The imports have been updated to include all necessary dependencies for the app:

time for tracking execution duration
asyncio for asynchronous execution
os for file path operations
LeadScraper from our custom scraper module
load_dotenv for loading environment variables

Next, continue the last if block of main() function with the following codeblock:

def main():
    ...

    if uploaded_file:
        ...

        if st.button("Start Extraction") and fields:
            with st.spinner(
                "Extracting data. This may take a while, so don't close the window."
            ):
                start_time = time.time()
                scraper = LeadScraper()

                # Run scraping asynchronously
                result_file = asyncio.run(scraper.scrape_leads(urls, fields))

                elapsed_time = time.time() - start_time
                elapsed_mins = int(elapsed_time // 60)
                elapsed_secs = int(elapsed_time % 60)

                # Show download link
                with open(result_file, "rb") as f:
                    st.download_button(
                        "Download Results",
                        f,
                        file_name=os.path.basename(result_file),
                        mime="text/csv",
                    )
                st.balloons()
                st.success(
                    f"Extraction complete!
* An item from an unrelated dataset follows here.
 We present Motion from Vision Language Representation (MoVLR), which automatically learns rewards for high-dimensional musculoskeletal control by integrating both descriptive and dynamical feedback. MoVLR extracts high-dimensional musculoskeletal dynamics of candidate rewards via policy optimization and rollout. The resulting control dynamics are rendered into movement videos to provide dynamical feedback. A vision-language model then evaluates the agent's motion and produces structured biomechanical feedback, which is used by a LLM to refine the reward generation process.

Time taken: {elapsed_mins}m {elapsed_secs}s"
                )

This section adds the core extraction functionality:

When the “Start Extraction” button is clicked and fields are defined:

Shows a loading spinner with message
Records start time
Creates LeadScraper instance
Runs scraping asynchronously using asyncio
Calculates elapsed time in minutes and seconds
Opens the result file and creates download button
Shows success message with time taken
Displays celebratory balloons animation

The code handles the entire extraction workflow from triggering the scrape to delivering results to the user, with progress feedback throughout the process.
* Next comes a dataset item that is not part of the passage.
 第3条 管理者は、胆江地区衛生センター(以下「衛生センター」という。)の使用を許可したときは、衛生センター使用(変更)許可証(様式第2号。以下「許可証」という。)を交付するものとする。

At this point, the core app functionality is finished. Try it out with few different CSV files containing potential leads your company has.
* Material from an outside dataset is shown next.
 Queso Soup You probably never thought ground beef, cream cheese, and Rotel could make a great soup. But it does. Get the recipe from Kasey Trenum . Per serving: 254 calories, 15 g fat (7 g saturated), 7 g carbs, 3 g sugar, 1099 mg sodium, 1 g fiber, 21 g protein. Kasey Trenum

In the final step, we will deploy the app to Streamlit Cloud.

Step 6: Deploying the app to Streamlit Cloud

Before deploying, let’s create a requirements.txt file in the root directory:

poetry export -f requirements.txt --output requirements.txt --without-hashes

Next, create a new file called .streamlit/secrets.toml:

FIRECRAWL_API_KEY = "your_api_key_here"

Also, add these to your .gitignore file:

__pycache__/

# Virtual Environment
.env
.venv
venv/
ENV/

# IDE
.idea/
.vscode/

# Project specific
.streamlit/secrets.toml
data/
*.xlsx

Now follow these steps to deploy:

Push to GitHub

git init
git add .
git commit -m "Initial commit"
git branch -M main
git remote add origin https://github.com/yourusername/sales-lead-extractor.git
git push -u origin main

Deploy on Streamlit Cloud

Go to share.streamlit.io
Click “New app”
Connect your GitHub repository
Select the main branch and src/app.py as the entry point
Add your Firecrawl API key in the Secrets section using the same format as .streamlit/secrets.toml
Click “Deploy”

Your app will be live in a few minutes.

Conclusion

We’ve built a powerful lead extraction tool that combines the simplicity of Streamlit with the AI capabilities of Firecrawl. The app allows sales teams to:

Upload lists of target websites
Define custom data fields to extract
Get structured lead data in Excel format
Save hours of manual data gathering

Key features implemented:

Dynamic field definition
Batch URL processing
Progress tracking
Excel export
Cloud deployment

Feel free to extend the app with features like:

Authentication
Lead scoring
CRM integration
Custom extraction templates
Rate limiting
Error handling

The complete source code is available on GitHub.